The demand for health care services brought the sisters to oversee the expansion of the hospital in 1918 and 1929 and the building of a new hospital in 1955. A new hospital was constructed in Cudworth in 1926 and in Macklin in 1927. The St. Elizabeth’s Hospital School of Nursing opened in 1923 in Humboldt, which enabled the sisters to both receive local instruction and teach nursing.
The success of the Elizabethans in health care encouraged vocations from local communities. By 1922 the membership increased to 34. The number steadily grew, reaching the highest level of 107 in 1957. The increase in numbers never offset the increasing demand for health care services, which meant many sisters sacrificed their sleep to work long days. Another major obstacle facing the order was insufficient income. Religious who owned their own hospitals were not paid salaries and they received only a 50-cent per day grant for each patient. Other income came from the generosity of patrons, local taxation and a $2 per day fee for patients. However, funds from municipalities largely dried up during the Depression and most patients could not afford their fees. Some paid their hospital bills with produce or meat raised on a farm. A farm and garden operated by the sisters provided food for the hospital and themselves.
A major break came in 1945 when the province began paying for all hospital services that met government criteria. For the first time, the Elizabethans had a reliable source of income. Federal health grants, beginning in 1948, provided funds for hospital construction. Government regulations, in 1960, forced the sisters to purchase their hospital food and sell their farm. The loss of the food supply was offset in 1962 with the medicare plan that paid salaries to all hospital workers and that now included the sisters.

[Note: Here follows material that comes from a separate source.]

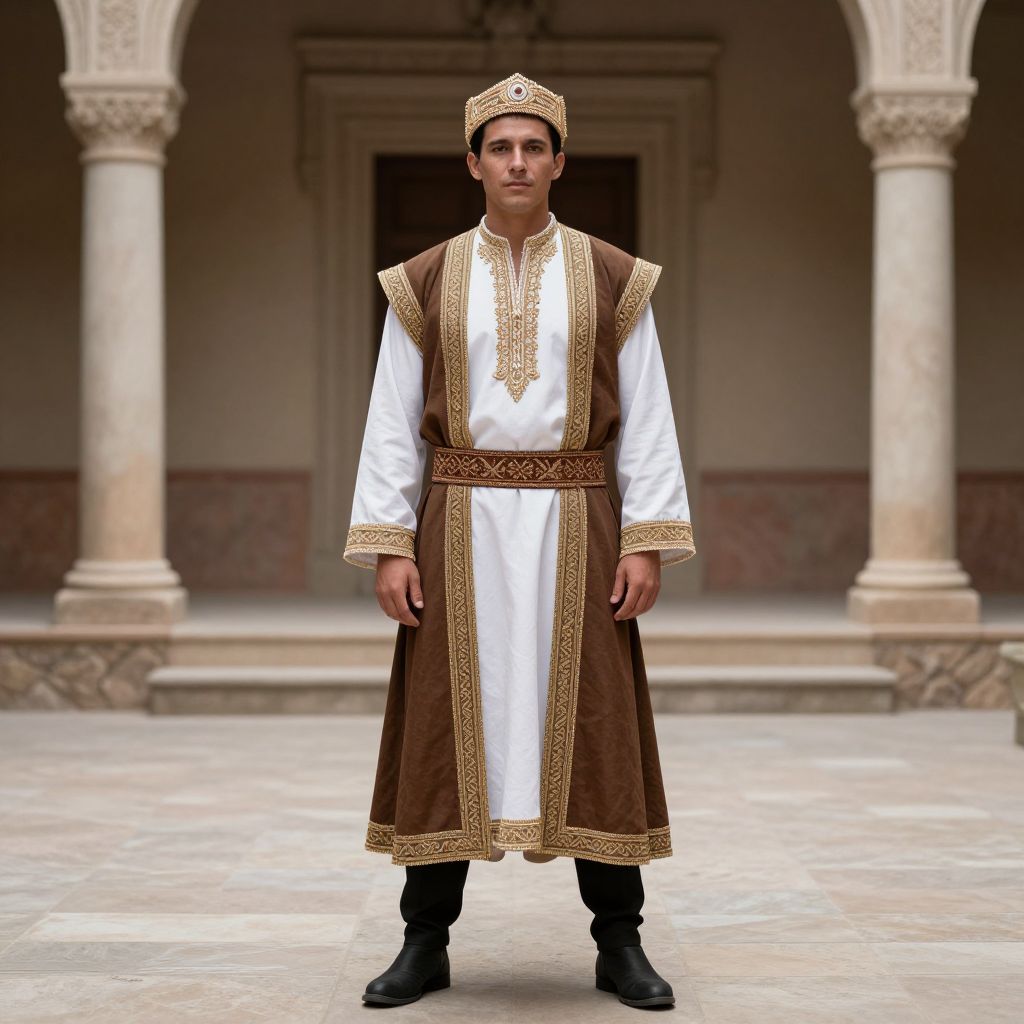 Photograph of a young man in traditional Middle Eastern attire with ornate brown and gold robe, white shirt, and black pants, standing in a marble

The expertise of the sisters expanded beyond nursing. They worked in other centres and communities as administrators in nursing homes, as well as catechists and teachers, cooks, bakers, launderers and missionaries. During the 1980s, they began to withdraw from many programs due to a decreasing and aging membership. Changes in government regulations affected their role in health care. In 1993, St. Joseph’s Hospital in Macklin was closed and it opened in 1996 as an integrated health care facility that is now governed by the Catholic Health Care Corporation. St. Michael’s Hospital in Cudworth closed in 1998 and in 1999 it reopened as an assisted living centre that is owned by the local municipality. In 2000, ownership of St. Elizabeth’s Hospital was transferred to the Saskatchewan Catholic Health Corporation. In 2007 the hospital became public. The convent and property, once owned by the Elizabethans, was sold in 2014 to the City of Humboldt.

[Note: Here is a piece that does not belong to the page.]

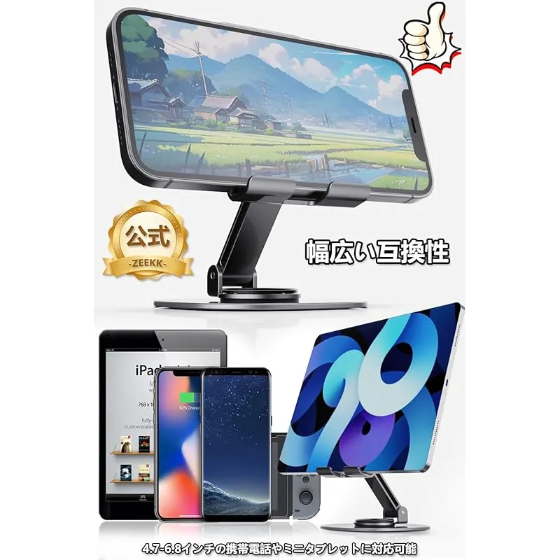 ZEEKK【全金属素材】スマホスタンド 卓上「極上の新設計」合金製 360度回転 折りたたみ式 携帯スタンド 薄型 携帯に便利 縦 横 滑り止め 4.7-6.8インチのiPhone Android 対応 0

SISTERS OF ST. ELIZABETH — The stained-glass window, created by Sister Salesia Zunti, OSE, appears to emit rays of divine love. It was originally displayed in the dining room of the convent of the Order of the Sisters of St. Elizabeth (OSE) in Humboldt. The window expresses how the Franciscan Sisters of St. Elizabeth live the Gospel with a simple and joyful heart. The Tau (T) or Franciscan cross is prominent in the centre. It indicates that one is chosen or has freely chosen to be a follower of the Lord. Superimposed on the Tau are the letters OSE, Order of St. Elizabeth. The letters link the sisters with their European heritage and identify them as Elizabethans. The rose symbolizes the miracle God worked for St. Elizabeth because of her concern for the poor. The rose is also a symbol of reverence for life. (Paproski photo)
Paproski, a historian of St. Peter’s Abbey, gathered information for the article from: The Prairie Does Flourish, Sisters of St. Elizabeth, by Joan Eyolfson Cadham, and A Journey of Faith: St. Peter’s Abbacy, 1921-1996, published by the Muenster diocese.